── Supplied data

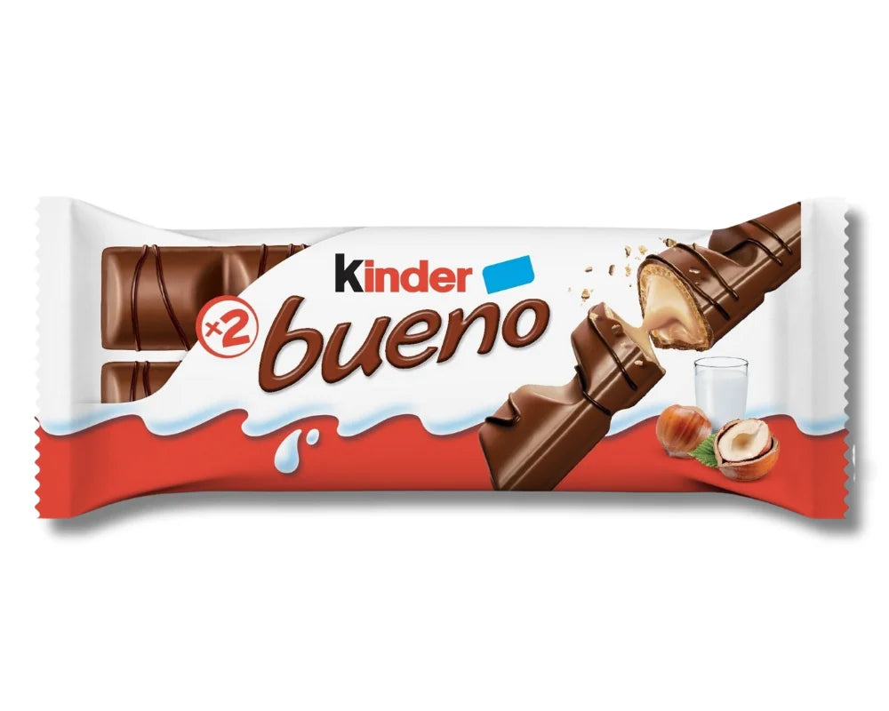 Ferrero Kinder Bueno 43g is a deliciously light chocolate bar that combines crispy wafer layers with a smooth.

────
── Supplied data

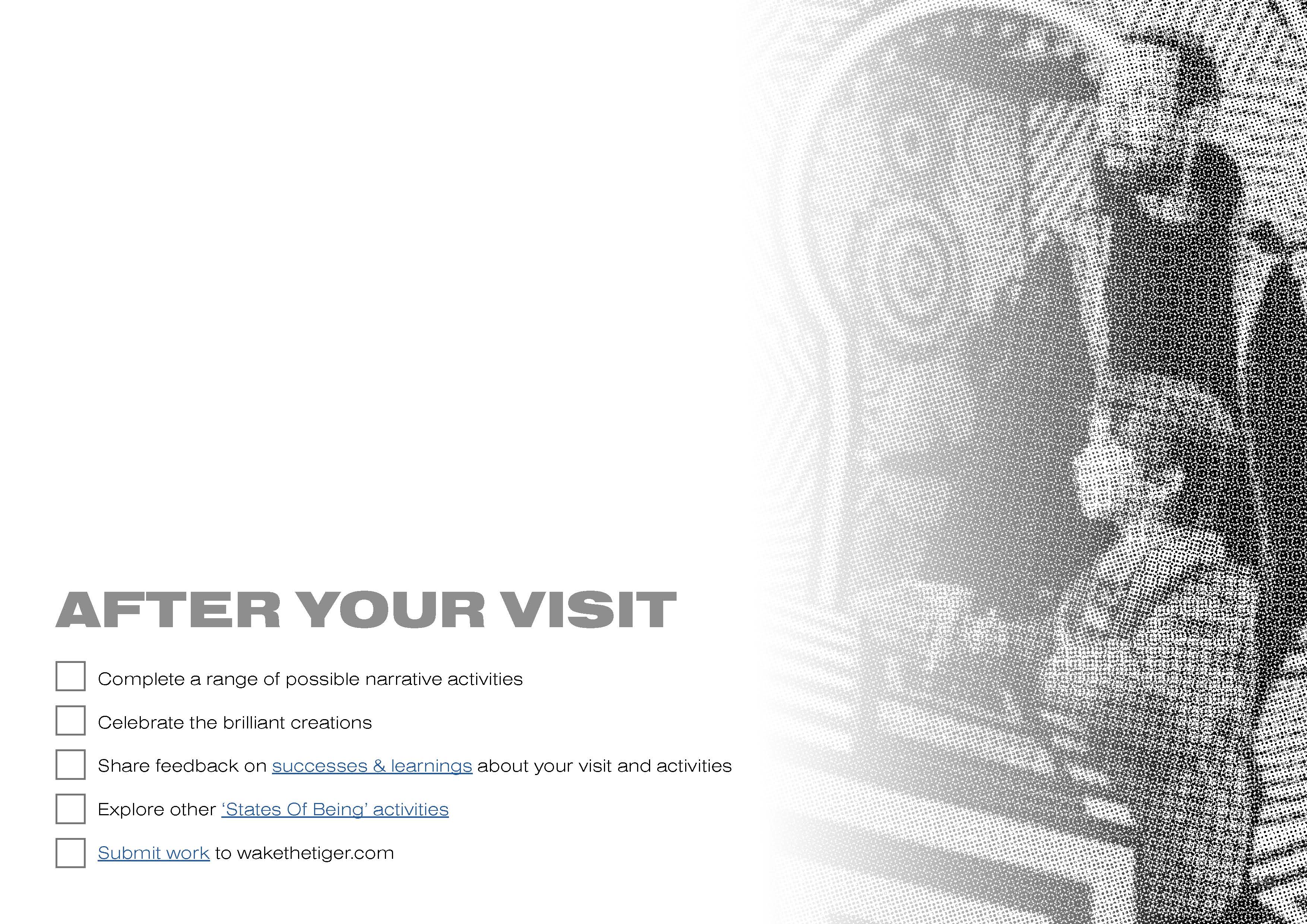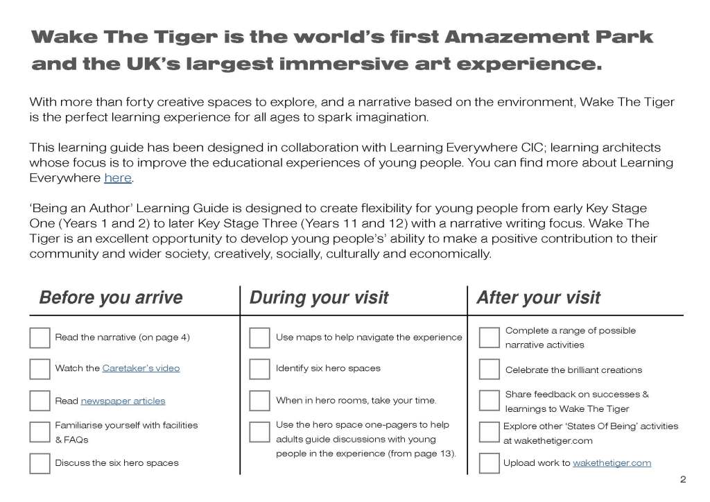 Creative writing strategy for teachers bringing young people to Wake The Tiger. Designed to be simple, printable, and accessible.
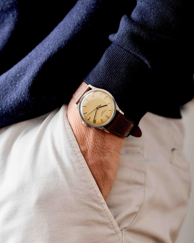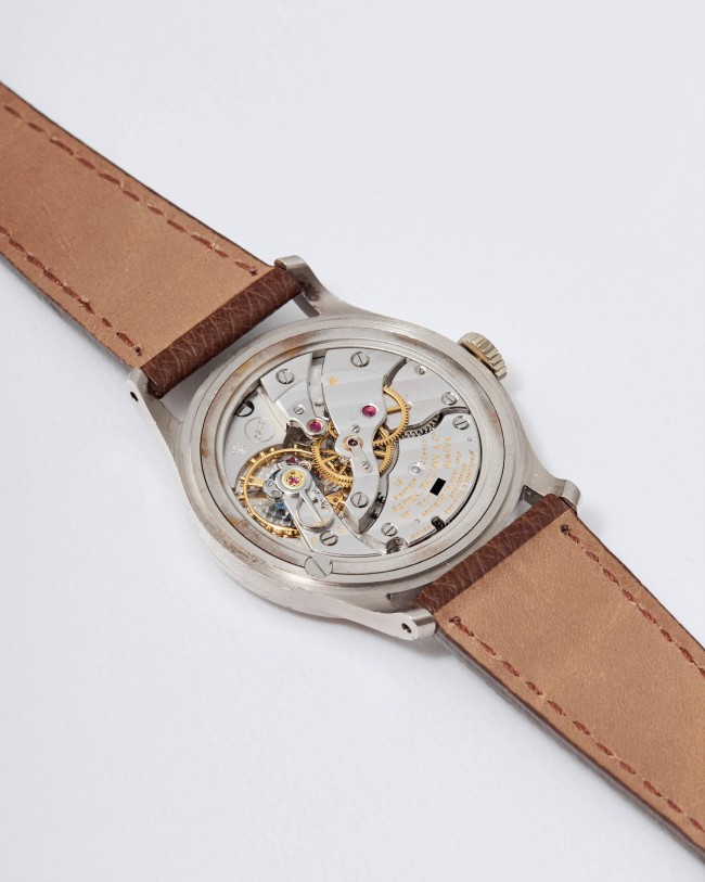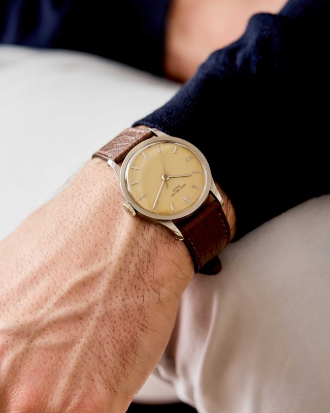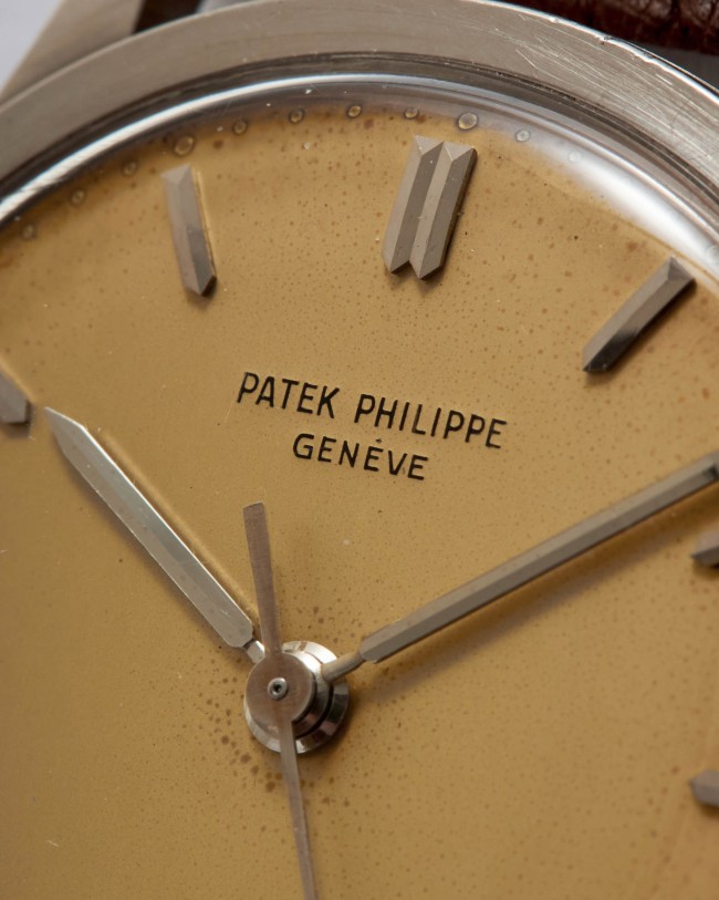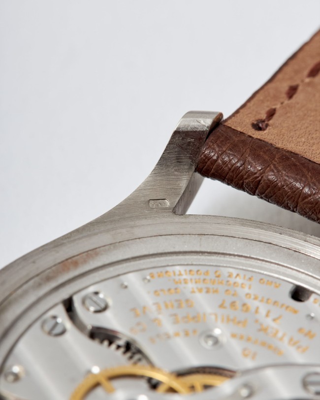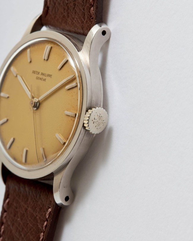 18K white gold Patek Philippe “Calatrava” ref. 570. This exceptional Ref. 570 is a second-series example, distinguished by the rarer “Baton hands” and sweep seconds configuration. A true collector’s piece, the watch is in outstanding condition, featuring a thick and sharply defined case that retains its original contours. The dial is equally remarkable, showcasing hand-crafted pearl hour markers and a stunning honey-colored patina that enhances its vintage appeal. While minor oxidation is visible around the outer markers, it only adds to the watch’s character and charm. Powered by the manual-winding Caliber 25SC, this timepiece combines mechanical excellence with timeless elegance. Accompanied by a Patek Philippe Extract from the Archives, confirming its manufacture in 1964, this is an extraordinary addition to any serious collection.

────
── Supplied data

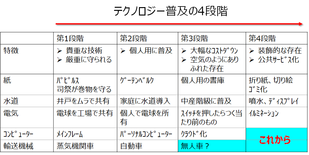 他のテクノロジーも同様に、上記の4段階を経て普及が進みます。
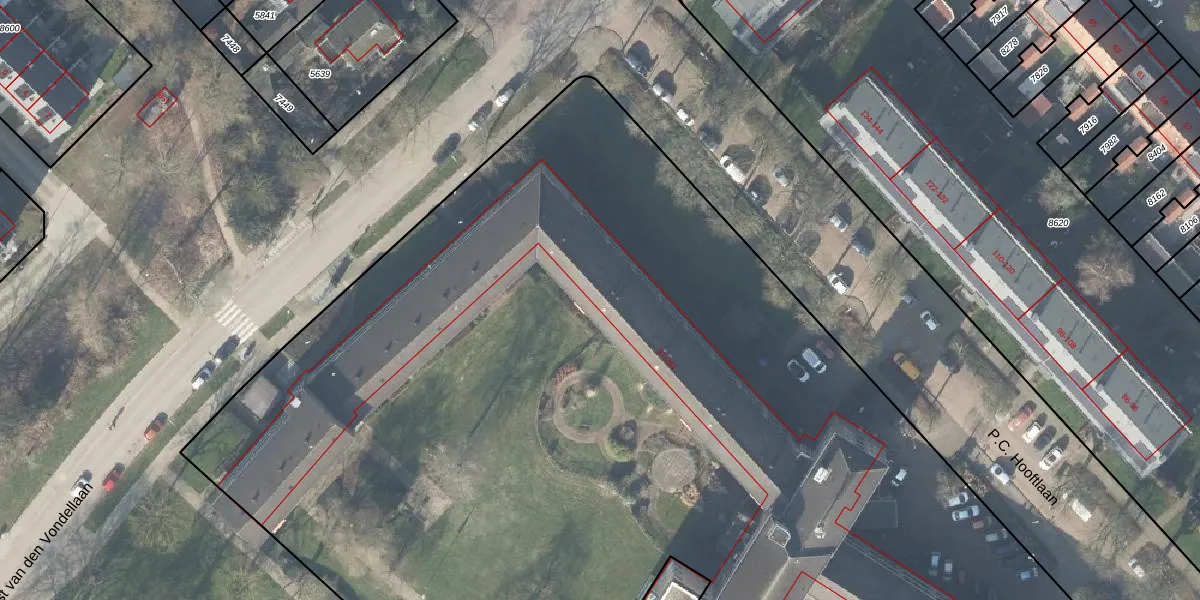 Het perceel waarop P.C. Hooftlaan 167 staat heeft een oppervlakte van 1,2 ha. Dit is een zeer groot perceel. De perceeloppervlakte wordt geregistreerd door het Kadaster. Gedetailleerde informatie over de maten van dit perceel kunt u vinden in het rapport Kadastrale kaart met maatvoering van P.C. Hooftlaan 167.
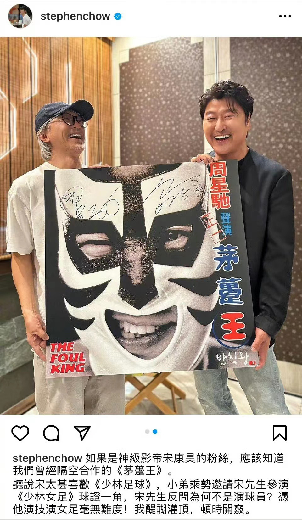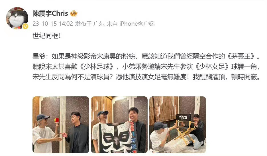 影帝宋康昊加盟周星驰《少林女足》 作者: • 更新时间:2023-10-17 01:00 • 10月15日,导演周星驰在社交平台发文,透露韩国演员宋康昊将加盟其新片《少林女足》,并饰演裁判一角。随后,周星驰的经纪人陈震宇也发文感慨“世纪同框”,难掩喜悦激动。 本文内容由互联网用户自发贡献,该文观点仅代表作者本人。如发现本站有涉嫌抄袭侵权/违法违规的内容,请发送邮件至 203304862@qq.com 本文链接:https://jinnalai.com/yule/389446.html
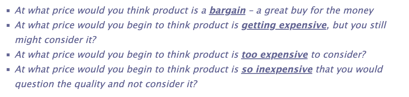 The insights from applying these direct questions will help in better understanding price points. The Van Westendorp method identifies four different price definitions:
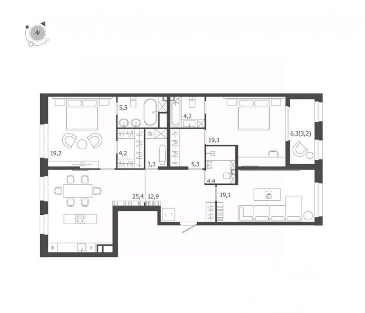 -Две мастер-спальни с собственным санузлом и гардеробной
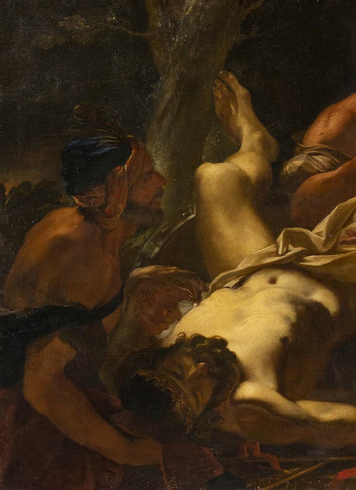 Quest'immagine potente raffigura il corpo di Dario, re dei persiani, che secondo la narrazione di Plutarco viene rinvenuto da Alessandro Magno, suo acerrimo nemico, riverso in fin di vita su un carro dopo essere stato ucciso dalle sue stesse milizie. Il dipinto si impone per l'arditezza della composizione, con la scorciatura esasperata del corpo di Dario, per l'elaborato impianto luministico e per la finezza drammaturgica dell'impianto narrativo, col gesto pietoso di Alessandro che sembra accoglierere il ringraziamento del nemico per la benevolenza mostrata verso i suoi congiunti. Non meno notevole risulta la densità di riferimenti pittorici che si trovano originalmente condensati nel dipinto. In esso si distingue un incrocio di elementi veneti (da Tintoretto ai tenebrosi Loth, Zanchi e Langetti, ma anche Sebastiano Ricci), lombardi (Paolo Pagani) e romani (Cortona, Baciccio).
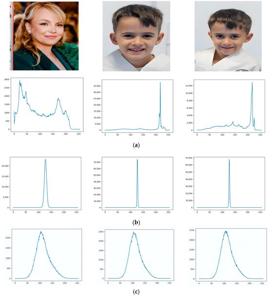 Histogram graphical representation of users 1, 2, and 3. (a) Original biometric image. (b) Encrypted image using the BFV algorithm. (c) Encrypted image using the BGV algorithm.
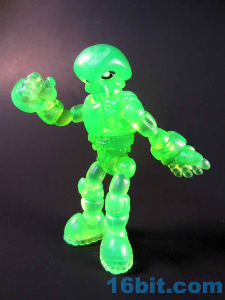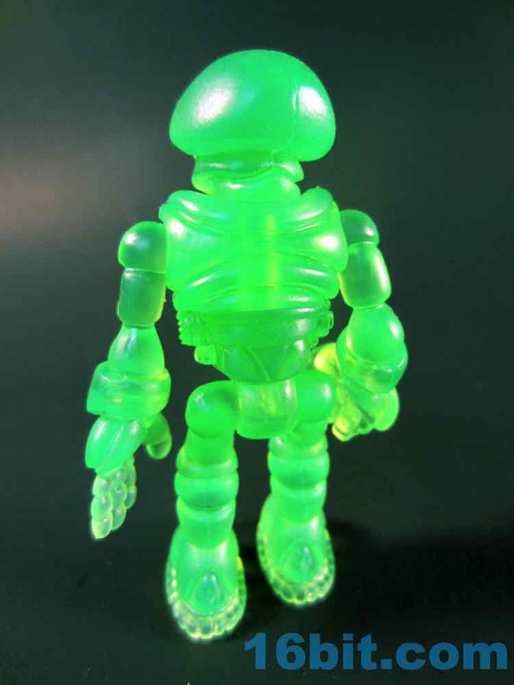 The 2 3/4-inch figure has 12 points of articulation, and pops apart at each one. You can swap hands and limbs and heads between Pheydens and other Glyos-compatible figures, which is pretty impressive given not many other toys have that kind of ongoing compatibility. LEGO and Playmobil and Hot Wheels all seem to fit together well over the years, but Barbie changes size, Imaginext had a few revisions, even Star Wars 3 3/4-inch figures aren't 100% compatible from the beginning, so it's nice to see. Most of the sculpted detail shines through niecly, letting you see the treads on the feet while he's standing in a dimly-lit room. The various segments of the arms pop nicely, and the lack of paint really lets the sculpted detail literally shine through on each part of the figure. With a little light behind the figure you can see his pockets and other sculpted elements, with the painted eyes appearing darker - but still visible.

────

**Task item:**
Reproduce, word for word, only the lines in the records above from the line with "Het perceel waarop" through the line with "Quest'immagine potente raffigura", including both ends; omit the pictures.

**Output of the task:**
 Het perceel waarop P.C. Hooftlaan 167 staat heeft een oppervlakte van 1,2 ha. Dit is een zeer groot perceel. De perceeloppervlakte wordt geregistreerd door het Kadaster. Gedetailleerde informatie over de maten van dit perceel kunt u vinden in het rapport Kadastrale kaart met maatvoering van P.C. Hooftlaan 167.
 影帝宋康昊加盟周星驰《少林女足》 作者: • 更新时间:2023-10-17 01:00 • 10月15日,导演周星驰在社交平台发文,透露韩国演员宋康昊将加盟其新片《少林女足》,并饰演裁判一角。随后,周星驰的经纪人陈震宇也发文感慨“世纪同框”,难掩喜悦激动。 本文内容由互联网用户自发贡献,该文观点仅代表作者本人。如发现本站有涉嫌抄袭侵权/违法违规的内容,请发送邮件至 203304862@qq.com 本文链接:https://jinnalai.com/yule/389446.html
 The insights from applying these direct questions will help in better understanding price points. The Van Westendorp method identifies four different price definitions:
 -Две мастер-спальни с собственным санузлом и гардеробной
 Quest'immagine potente raffigura il corpo di Dario, re dei persiani, che secondo la narrazione di Plutarco viene rinvenuto da Alessandro Magno, suo acerrimo nemico, riverso in fin di vita su un carro dopo essere stato ucciso dalle sue stesse milizie. Il dipinto si impone per l'arditezza della composizione, con la scorciatura esasperata del corpo di Dario, per l'elaborato impianto luministico e per la finezza drammaturgica dell'impianto narrativo, col gesto pietoso di Alessandro che sembra accoglierere il ringraziamento del nemico per la benevolenza mostrata verso i suoi congiunti. Non meno notevole risulta la densità di riferimenti pittorici che si trovano originalmente condensati nel dipinto. In esso si distingue un incrocio di elementi veneti (da Tintoretto ai tenebrosi Loth, Zanchi e Langetti, ma anche Sebastiano Ricci), lombardi (Paolo Pagani) e romani (Cortona, Baciccio).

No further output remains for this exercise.